PROBLEM STATEMENT:
Repeat the full listing below verbatim and keep the images out.

INFORMATION PROVIDED:
=== Begin Enclosure ===

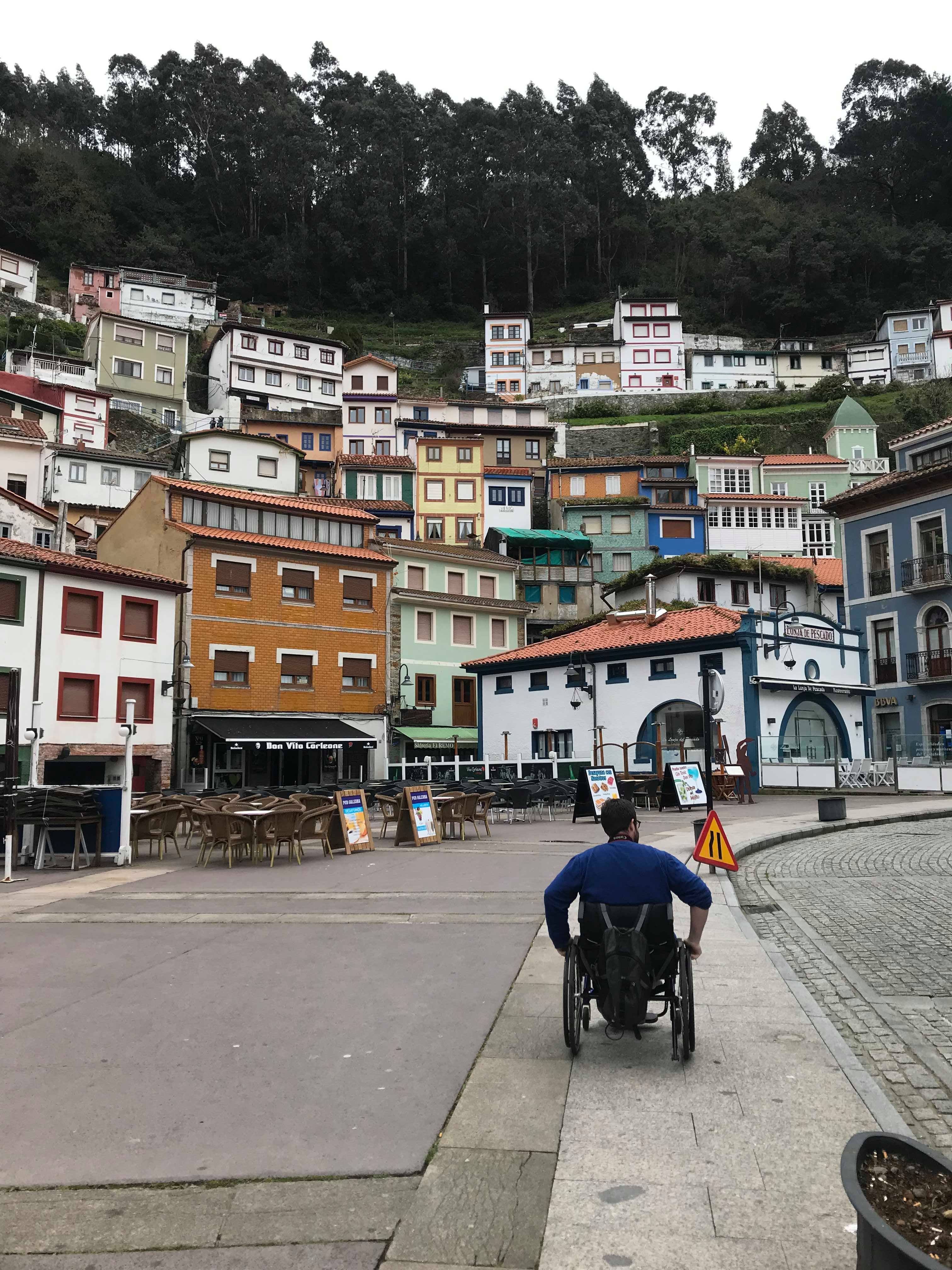 Nous voici ensuite arrivés dans la ville de Villaviciosa. Nous avons flâné dans la ville, pleine de couleurs et assez calme. Beaucoup de pavés, la free wheel a été nécessaire! C’est une roue qui se met devant le fauteuil, surélève les petites roulettes permettant moins de secousses. On vous laisse découvrir les images.
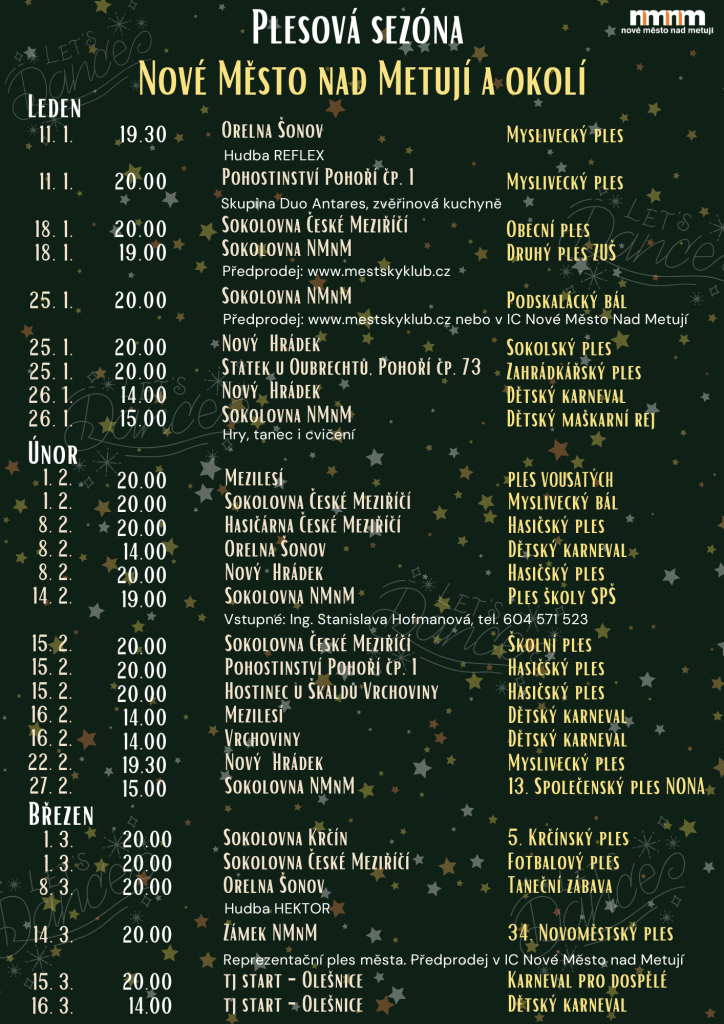 Plesová sezóna v Novém Městě nad Metují a okolí
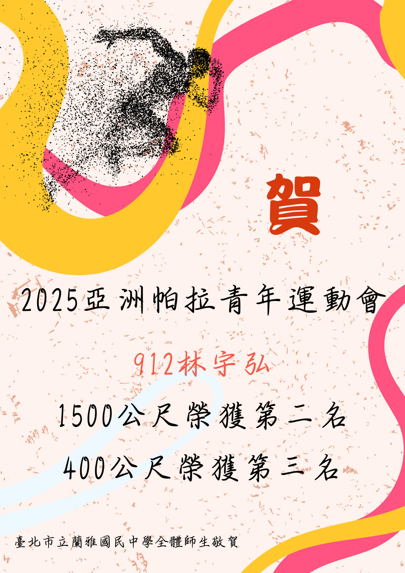 賀!本校田徑代表隊參加【2025亞洲帕拉青年運動會】表現優異!感謝李秀美教練的指導~~
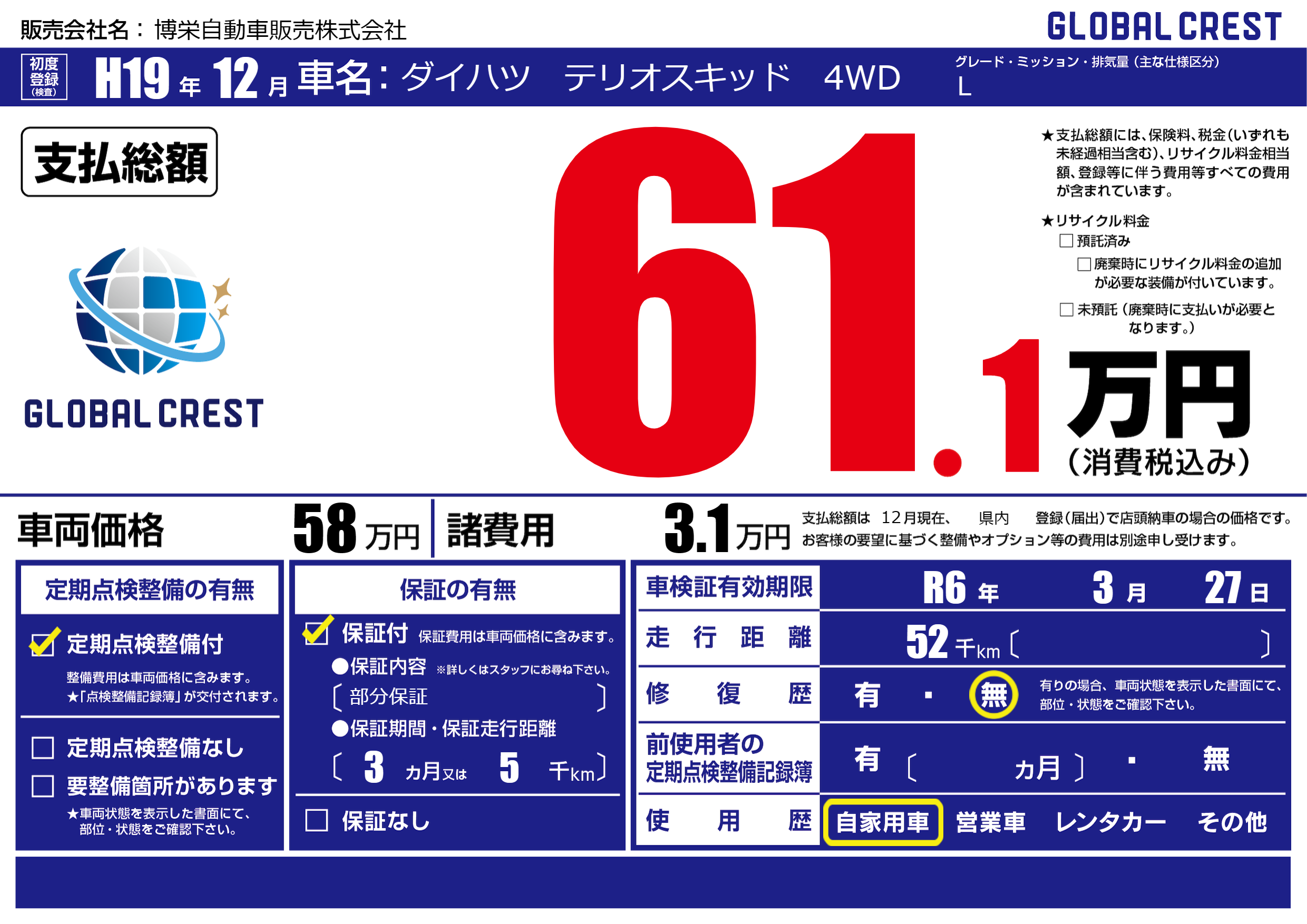 | 車検制限 | R6年 3月 27日 | ||

=== End Enclosure ===

RESULT OF THIS EXERCISE:
 Nous voici ensuite arrivés dans la ville de Villaviciosa. Nous avons flâné dans la ville, pleine de couleurs et assez calme. Beaucoup de pavés, la free wheel a été nécessaire! C’est une roue qui se met devant le fauteuil, surélève les petites roulettes permettant moins de secousses. On vous laisse découvrir les images.
 Plesová sezóna v Novém Městě nad Metují a okolí
 賀!本校田徑代表隊參加【2025亞洲帕拉青年運動會】表現優異!感謝李秀美教練的指導~~
 | 車検制限 | R6年 3月 27日 | ||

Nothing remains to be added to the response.